** Input data **
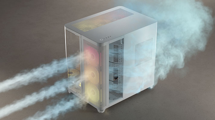 Disponible en noir ou en blanc, l’AIR 5400 est livré avec 3 ventilateurs à rotor inversé RS120-R PWM ARGB ou 3 ventilateurs iCUE LINK LX120-R. Dans les deux modèles, les ventilateurs d’admission sont préinstallés en bas du boîtier pour diriger l’air frais vers la carte graphique. La version LX120-R comprend un hub système iCUE LINK pour permettre la connexion d’appareils iCUE LINK supplémentaires.
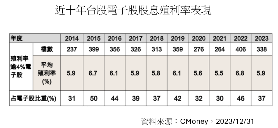電子股獲利配息能力,一向吸引台灣投資人目光,根據Cmoney統計,近十年(2014-2023)各年度股息殖利率超過4%的電子股檔數,多達200-400檔左右,平均殖利率約6%,占比約是整體電子股的3-5成。
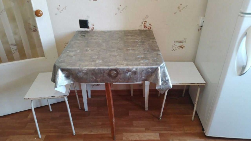 Есть большой угловой диван + гостевой диван,шкаф,2 кресла,тумбочка под ТВ,современная встроенная кухня + обеденный стол + стулья.
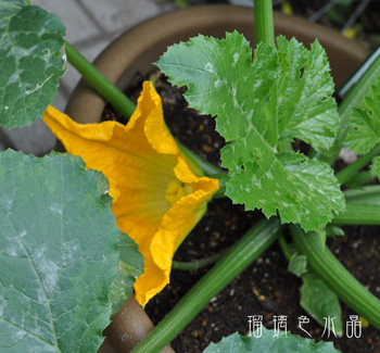 先日植えたズッキーニの苗は日々成長し、とうとう今朝最初の花が咲きました。
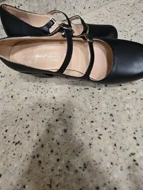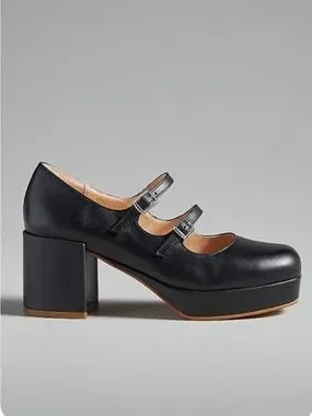 Sleek black Mary Jane with three adjustable straps. Chunky block heel and slight platform for stability. Smooth leather-look upper with rounded toe. Versatile, polished design for day or night.
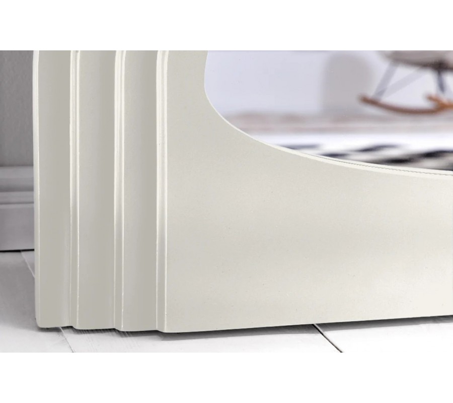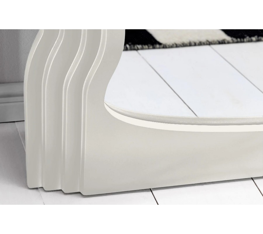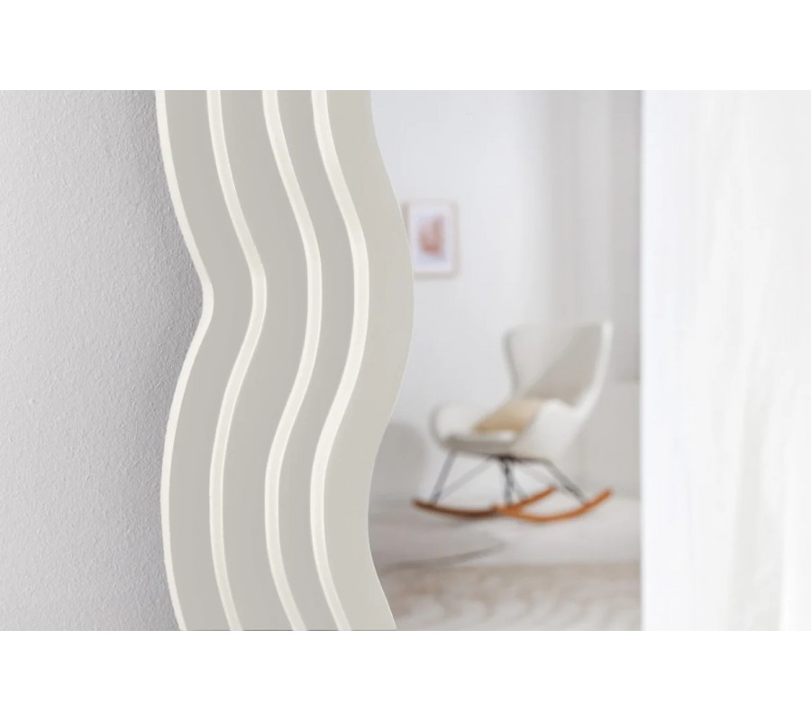 Zrkadlo má obdĺžnikový tvar s klenutou zaoblenou vrchnou časťou. Zrkadlovú plochu ohraničuje rám s hrúbkou 4 - 8 cm v bielej farbe. Bočné strany rámu sú ohýbané do pravidelných vlnoviek a plynule prechádzajú do vrchného oblúka. Povrch zdobí vrstvený reliéf pripomínajúci schodíky, klesajúce od zrkadlovej plochy k okraju rámu. Táto plastická štruktúra zdôrazňuje elegantné krivky a vytvára dynamický vizuál. Spodná časť rámu je hladká, s mierne prehnutou vrchnou líniou, ktorá výborne korešponduje s celkovým tvarom zrkadla.
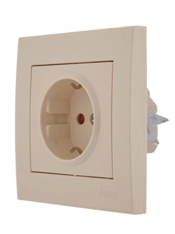 Розетка 1-м СП Rain с заземл. защ. шторки с заземл. керамика крем. LEZARD 703-0303-124
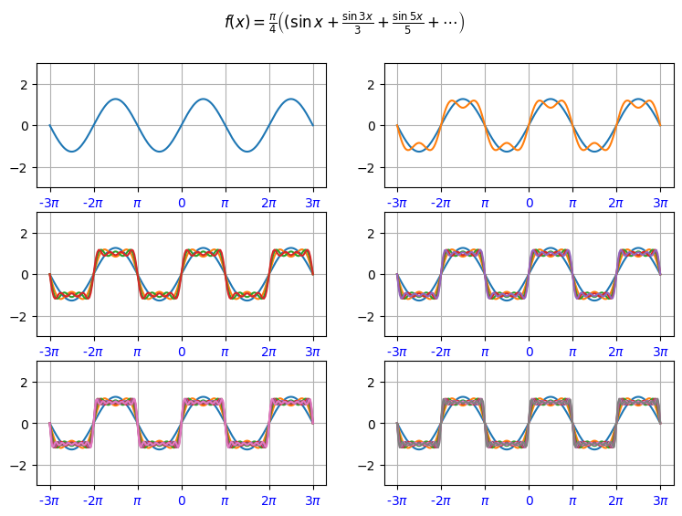 "$f(x) = \\frac{\pi}{4}\\left((\sin x+\\frac{\sin 3x}{3}+\\frac{\sin 5x}{5}+\cdots\\right)$"

** What the task requires **
Repeat the records above verbatim, dropping the pictures.

** Answer **
 Disponible en noir ou en blanc, l’AIR 5400 est livré avec 3 ventilateurs à rotor inversé RS120-R PWM ARGB ou 3 ventilateurs iCUE LINK LX120-R. Dans les deux modèles, les ventilateurs d’admission sont préinstallés en bas du boîtier pour diriger l’air frais vers la carte graphique. La version LX120-R comprend un hub système iCUE LINK pour permettre la connexion d’appareils iCUE LINK supplémentaires.
電子股獲利配息能力,一向吸引台灣投資人目光,根據Cmoney統計,近十年(2014-2023)各年度股息殖利率超過4%的電子股檔數,多達200-400檔左右,平均殖利率約6%,占比約是整體電子股的3-5成。
 Есть большой угловой диван + гостевой диван,шкаф,2 кресла,тумбочка под ТВ,современная встроенная кухня + обеденный стол + стулья.
 先日植えたズッキーニの苗は日々成長し、とうとう今朝最初の花が咲きました。
 Sleek black Mary Jane with three adjustable straps. Chunky block heel and slight platform for stability. Smooth leather-look upper with rounded toe. Versatile, polished design for day or night.
 Zrkadlo má obdĺžnikový tvar s klenutou zaoblenou vrchnou časťou. Zrkadlovú plochu ohraničuje rám s hrúbkou 4 - 8 cm v bielej farbe. Bočné strany rámu sú ohýbané do pravidelných vlnoviek a plynule prechádzajú do vrchného oblúka. Povrch zdobí vrstvený reliéf pripomínajúci schodíky, klesajúce od zrkadlovej plochy k okraju rámu. Táto plastická štruktúra zdôrazňuje elegantné krivky a vytvára dynamický vizuál. Spodná časť rámu je hladká, s mierne prehnutou vrchnou líniou, ktorá výborne korešponduje s celkovým tvarom zrkadla.
 Розетка 1-м СП Rain с заземл. защ. шторки с заземл. керамика крем. LEZARD 703-0303-124
 "$f(x) = \\frac{\pi}{4}\\left((\sin x+\\frac{\sin 3x}{3}+\\frac{\sin 5x}{5}+\cdots\\right)$"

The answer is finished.